Like its predecessor, the broadly sketched “Girls State” is sustained by the suspense generated around the race for governor (the programs’ highest office), but where “Boys State” devoted a good chunk of its B plot to the debate over gun control, this sequel’s defining side-story unavoidably coalesces around abortion; specifically, whether or not the Supreme Court believes that forcing pregnant women to speak to and share their personal information with a counselor prior to receiving an abortion is an unconstitutional breach of privacy. There’s a heartbreaking — and hard-to-stomach — dramatic irony to scenes where these girls debate the finer points of their reproductive freedoms: just a few days later the real Supreme Court will deprive them of those freedoms altogether.
That case — and the dark shadow that hangs above it — informs the second half of this documentary as the conversations on campus begin to focus on female-driven issues and “Girls State” gradually moves away from the reality show-like competition baked into its premise in favor of something more interesting and less resolvable. Where the talking points in “Boys State” were focused on macro debates, the dialogue here starts to center on more personal and immediate topics. Topics like “why do we have to adhere to a strict buddy system while the boys are allowed to move around on their own?” and “why does the boy who wins the governor’s race get sworn in by the actual governor of Missouri, not that anyone really wants to meet that asshole?”
Those questions soon beget others, as the girls grapple with the notion that female empowerment initiatives can inadvertently reinforce the structures that deprive them of their power in the first place (those questions might also have been more dramatically framed in a film that intercut between Boys and Girls States, but maybe this is a trilogy in the making). It’s fascinating to see these young women contend with that dilemma, even and especially as they vie for a scholarship that promises to propel their political ambitions forward.

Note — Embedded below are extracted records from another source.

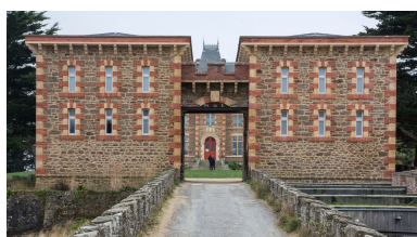
L'entrée et les deux fausses redoutes: vue d'ensemble, de face, depuis le nord IVR53_20223500017NUCA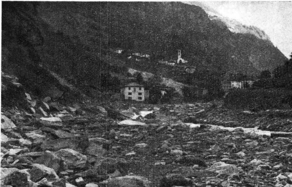
Arvigo. Dopo la piena 8 VIII 1951. La strada è stata inghiottita dalle acque. Il fondo-valle è ormai solo greto della Calancasca.

Straripando da tutte le parti la corrente investiva sulla sua destra la segheria Pacciarelli - Rigassi. Testimoni oculari ci hanno detto che fu un attimo: il fabbricato, abbastanza vasto ed ingombro di grandi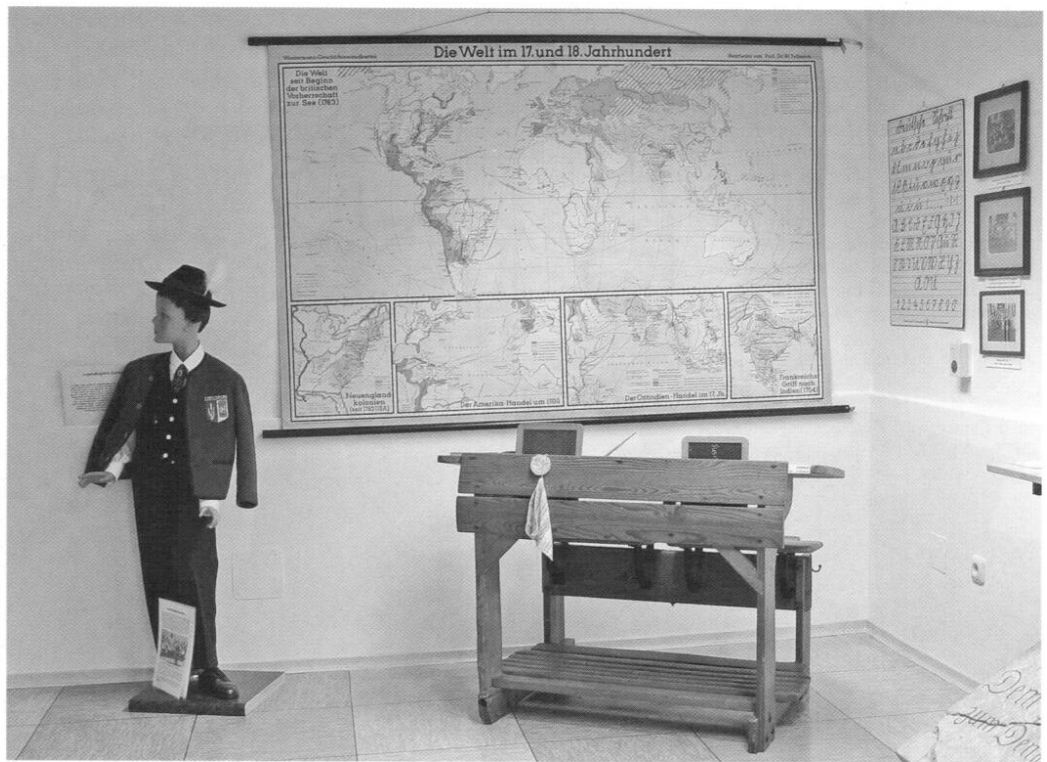
Inszenierung zur gemeinsamen Schulgeschichte von Ludwigsfeld und Karlsfeld.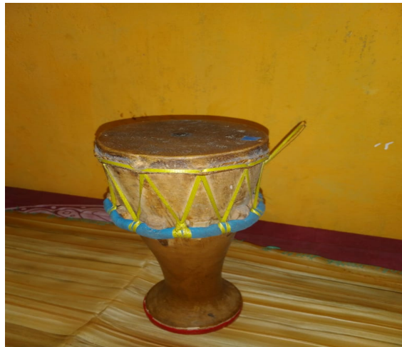
Gambar 4.3 Tifa ( tummour )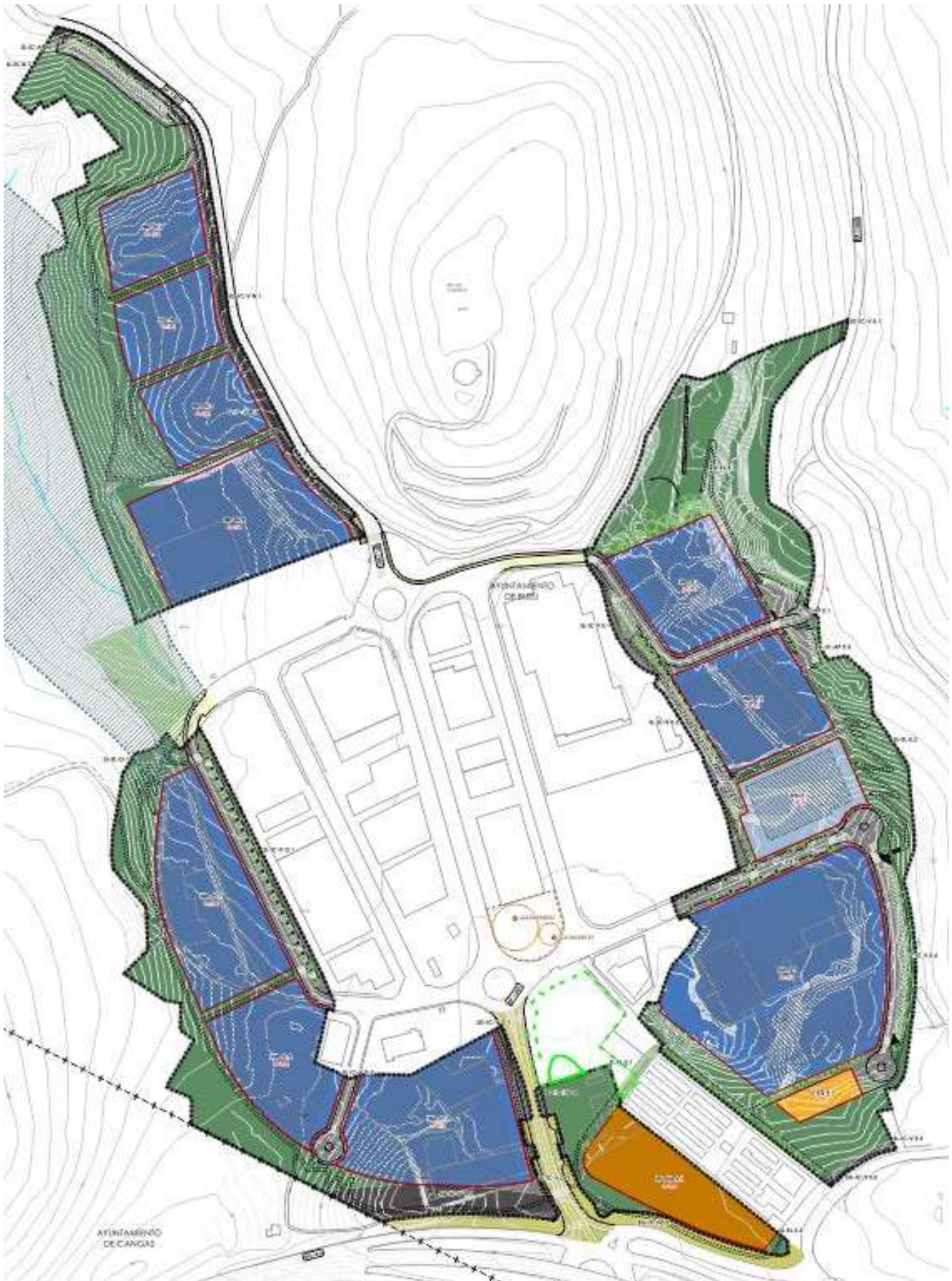
Proposta de redefinición do Entorno de Protección da Mámoa de Tomada de Martínez 2

Yes, their experience at Girls State reinforces the spirit behind the “you go, girl!” sentiments that are shoved in their faces all week long; femininity is powerful, and all the more so when women “straighten each other’s crowns instead of pointing out that they’re crooked.” To that end, it’s probably not unrelated that “Girls State” is convincing where “Boys State” sometimes fell a bit short, as Emily — who might just become your favorite character by the end — almost single-handedly makes good on the eye-rolling idea that we might benefit from being exposed to people on the other side of the aisle. It’s a fitting takeaway from a film about a group of young women who discover the power of listening to their own voices by sharing in the same primal scream.
Grade: B
“Girls State” premiered at the 2024 Sundance Film Festival. Apple will release it later this year.